**TASK:**
Extract word for word the lines of the listing from its start to the line holding "Select the required", both ends kept; pictures are not part of the copy.

DATA SECTION section start

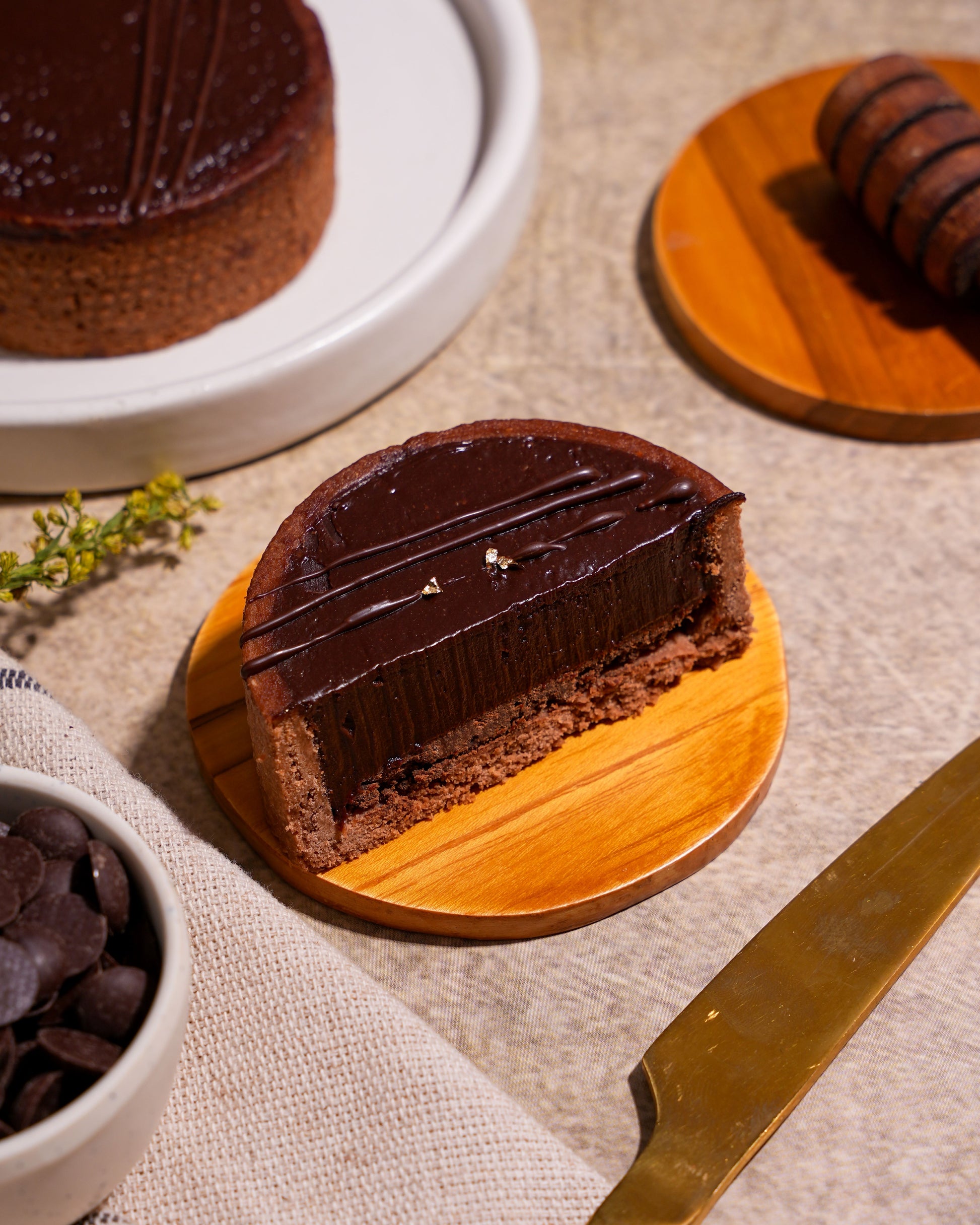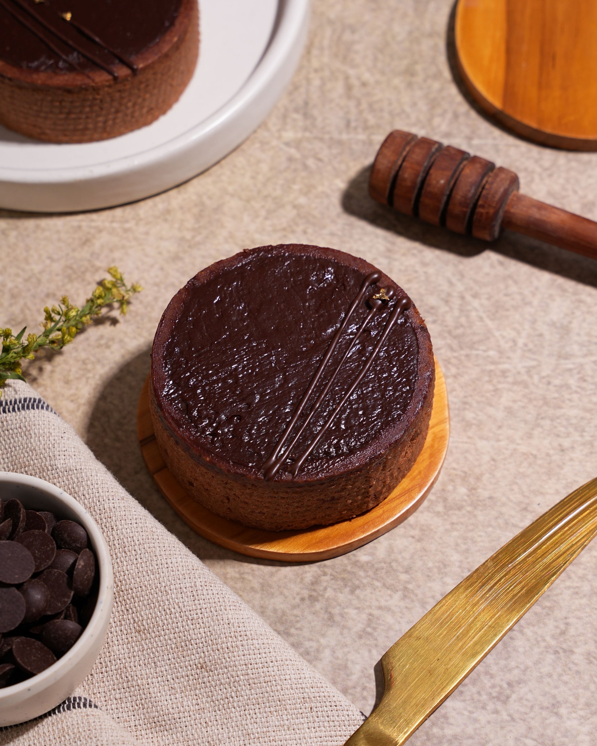 Chocolate tart filled with chocolate brownie & dark chocolate ganache
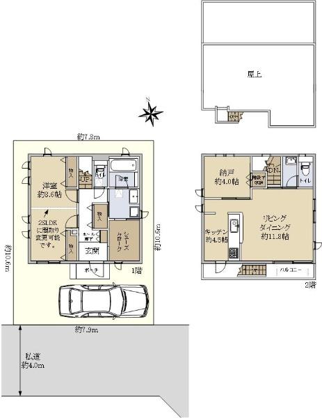 | 土地権利 | 所有権 | 私道負担・道路 | 8.79㎡、南4m幅(接道幅7.9m) | ||
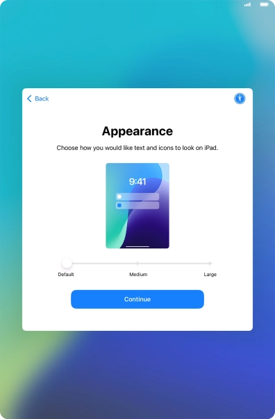 Select the required text and icon size on your tablet and press Continue.
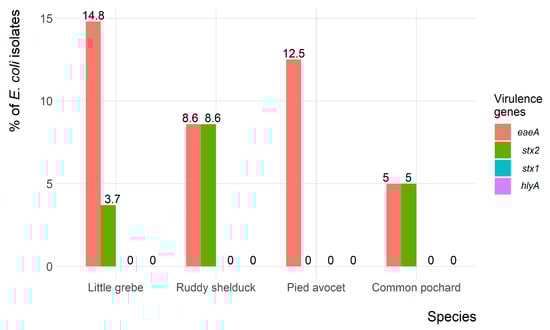 In the present study, the eaeA and stx2 virulence-associated genes were identified in 10%, and 5.6% of the E. coli isolates, respectively. This result was consistent with Kobayashi et al. [43], who identified eaeA and stx2 in Japan. However, the incidence of the eaeA and stx2 reported in the present study was higher than the 2.3% reported in wild brides in Iran [44]. Several studies have reported the association of eaeA and stx2 genes, which indicated the importance of testing eaeA positive isolates for the presence of the stx2 gene [44,45]. The hlyA and stx1 genes were not identified in any E. coli recovered in the present study. This result contrasts with a recent study carried out in wild birds in Central Italy, which detected 3.3% and 8.3% of birds were positive for hlyA and stx1, respectively [46].

DATA SECTION section end

**SOLUTION:**
 Chocolate tart filled with chocolate brownie & dark chocolate ganache
 | 土地権利 | 所有権 | 私道負担・道路 | 8.79㎡、南4m幅(接道幅7.9m) | ||
 Select the required text and icon size on your tablet and press Continue.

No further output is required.